Unsafe unlink (< GLIBC 2.26)

The main idea of this technique is to trick free() to unlink the second chunk (p2) from free list so that we can achieve arbitrary write.

Heap unsafe unlink attack.

When free(p1) is called, _int_free(mstate av, mchunkptr p, int have_lock) is actually invoked and frees the first chunk. Several checks are applied during this process, which we will not go into details here, but you will be asked to bypass some of them in the lab challenges ;)

The key step during the free(p1) operation is when the freed chunk is put back to unsorted bin (think of unsorted bin as a cache to speed up allocation and deallocation requests). The chunk will first be merged with neighboring free chunks in memory, called consolidation, then added to the unsorted bin as a larger free chunk for future allocations.

Three important phases:

  1. Consolidate backward

    If previous chunk in memory is not in use (PREV_INUSE (P) == 0), unlink is called on the previous chunk to take it off the free list. The previous chunk's size is then added to the current size, and the current chunk pointer points to the previous chunk.

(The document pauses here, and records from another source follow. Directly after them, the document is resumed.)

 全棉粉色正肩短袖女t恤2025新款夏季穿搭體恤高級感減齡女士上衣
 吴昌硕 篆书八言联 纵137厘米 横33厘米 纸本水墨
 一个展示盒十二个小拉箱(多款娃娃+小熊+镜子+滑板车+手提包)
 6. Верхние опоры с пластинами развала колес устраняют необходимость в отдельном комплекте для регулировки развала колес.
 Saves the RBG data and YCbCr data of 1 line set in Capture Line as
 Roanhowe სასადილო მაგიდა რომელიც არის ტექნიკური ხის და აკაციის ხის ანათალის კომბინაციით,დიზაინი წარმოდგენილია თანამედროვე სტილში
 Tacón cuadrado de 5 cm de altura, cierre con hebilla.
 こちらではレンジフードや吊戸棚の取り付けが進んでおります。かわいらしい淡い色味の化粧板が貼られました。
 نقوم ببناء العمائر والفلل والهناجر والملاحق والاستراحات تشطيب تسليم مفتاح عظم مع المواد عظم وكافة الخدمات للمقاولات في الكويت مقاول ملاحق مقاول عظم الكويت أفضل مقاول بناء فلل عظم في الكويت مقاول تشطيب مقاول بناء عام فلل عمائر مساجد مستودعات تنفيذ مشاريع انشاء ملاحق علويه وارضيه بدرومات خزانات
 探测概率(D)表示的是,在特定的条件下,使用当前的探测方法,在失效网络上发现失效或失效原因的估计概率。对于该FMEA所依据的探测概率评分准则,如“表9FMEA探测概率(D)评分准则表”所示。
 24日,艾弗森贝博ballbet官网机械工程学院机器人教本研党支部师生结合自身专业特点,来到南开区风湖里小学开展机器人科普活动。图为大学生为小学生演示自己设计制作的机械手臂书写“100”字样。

  2. Consolidate forward (in the figure)

    If next chunk (p2) in memory is not the top chunk and not in use, confirmed by next-to-next chunk’s PREV_INUSE (P) bit is unset (PREV_INUSE (P) == 0), unlink is called on the next chunk (p2) to take it off the free list. To navigate to next-to-next chunk, add both the current chunk's (p1) size and the next chunk's (p2) size to the current chunk pointer.

  3. Finally the consolidated chunk is added to the unsorted bin.

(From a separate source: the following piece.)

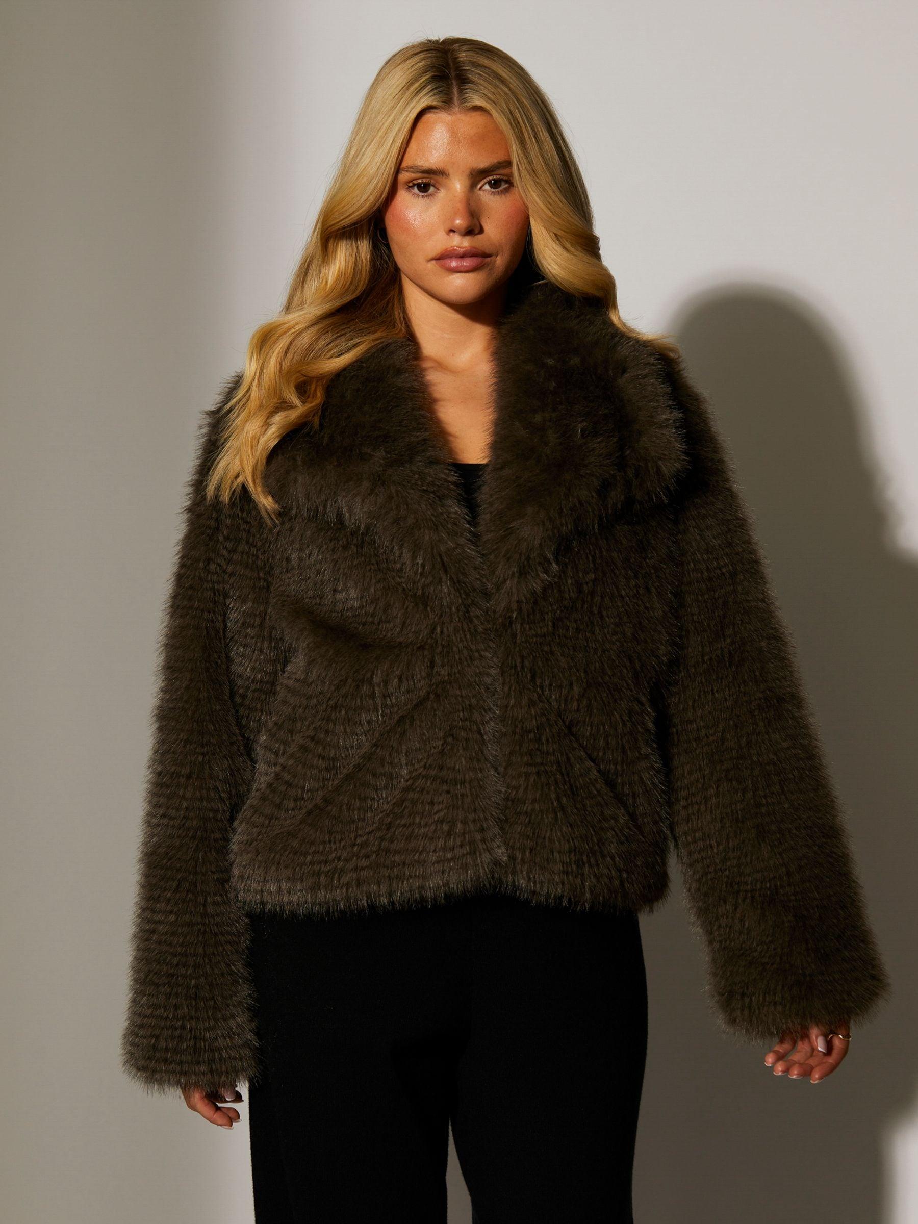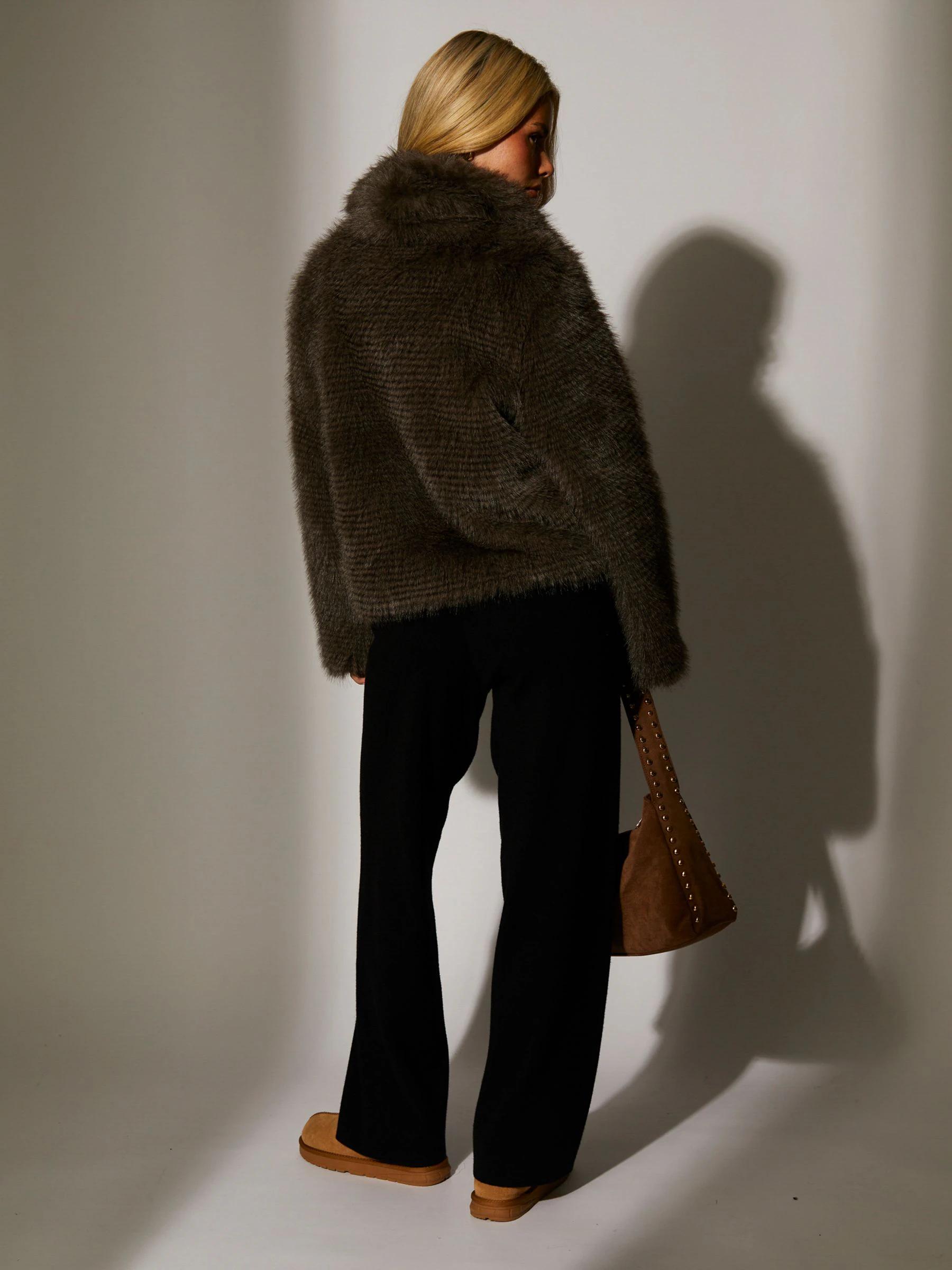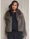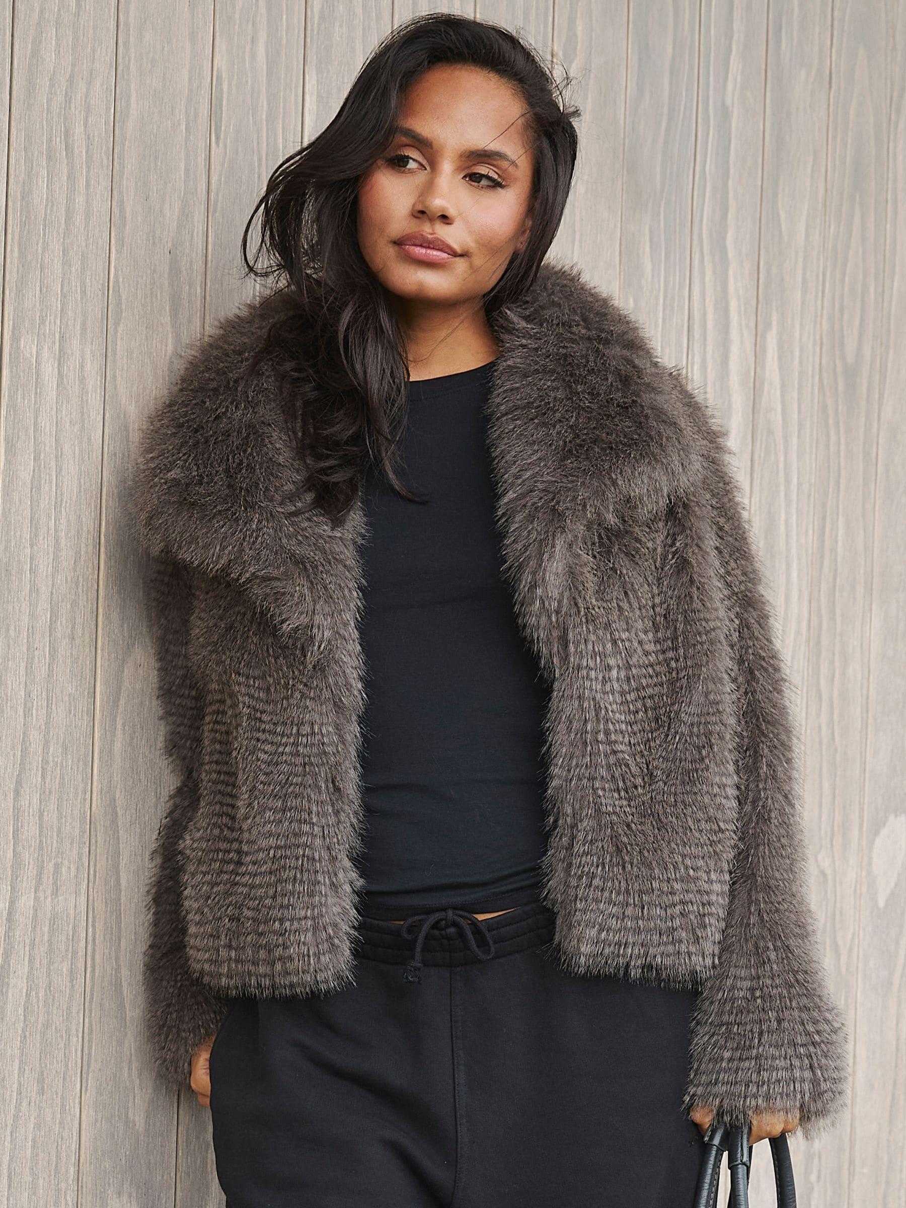 South Beach Grey Tipped Long Pile Faux Fur Collar Detail Short Jacket

The interesting part comes from the unlink process:

#define unlink(P, BK, FD)
    FD = P->fd;
    BK = P->bk;
    FD->bk = BK;
    BK->fd = FD;

unlink is a macro defined to remove a victim chunk from a bin. Above is a simplified version of unlink. Essentially it is adjusting the fd and bk of neighboring chunks to take the victim chunk (p2) off the free list by P->fd->bk = P->bk and P->bk->fd = P->fd.

If we think carefully, the attacker can craft the fd and bk of the second chunk (p2) and achieve arbitrary write when it's unlinked. Here is how this can be performed.

Let's first break down the above unlink operation from the pure C language's point of view. Assuming 32-bit architecture, we get:

BK = *(P + 12);
FD = *(P + 8);
*(FD + 12) = BK;
*(BK + 8) = FD;

Resulting in:

  1. The memory at FD+12 is overwritten with BK.

  2. The memory at BK+8 is overwritten with FD.

Q: What if we can control BK and FD?

Assume that we can overflow the first chunk (p1) freely into the second chunk (p2). In such case, we are free to put any value to BK and FD of the second chunk (p2).

We can achieve arbitrary writing of malicious_addr to target_addr by simply:

  1. Changing FD of the second chunk (p2) to our target_addr-12

  2. Changing BK of the second chunk (p2) to our malicious_addr

Isn't it just amazing? :)

However, life is not easy. To achieve this, the second chunk (p2) has to be free, confirmed by the third chunk’s PREV_INUSE (P) bit is unset (PREV_INUSE (P) == 0). Recall that during unlink consolidation phase, we navigate to the next chunk by adding the current chunk's size to its chunk pointer. In malloc.c, it is checked in _int_free (mstate av, mchunkptr p, int have_lock):

/* check/set/clear inuse bits in known places */
#define inuse_bit_at_offset(p, s)               \
  (((mchunkptr) (((char *) (p)) + (s)))->size & PREV_INUSE)
static void
_int_free (mstate av, mchunkptr p, int have_lock)
  nextsize = chunksize(nextchunk);
  if (nextchunk != av->top) {
      /* get and clear inuse bit */
      nextinuse = inuse_bit_at_offset(nextchunk, nextsize);

      /* consolidate forward */
      if (!nextinuse) {
        unlink(av, nextchunk, bck, fwd);
        size += nextsize;
      } else
        clear_inuse_bit_at_offset(nextchunk, 0);

[TASK]: Can you trick free() to think the second chunk (p2) is free?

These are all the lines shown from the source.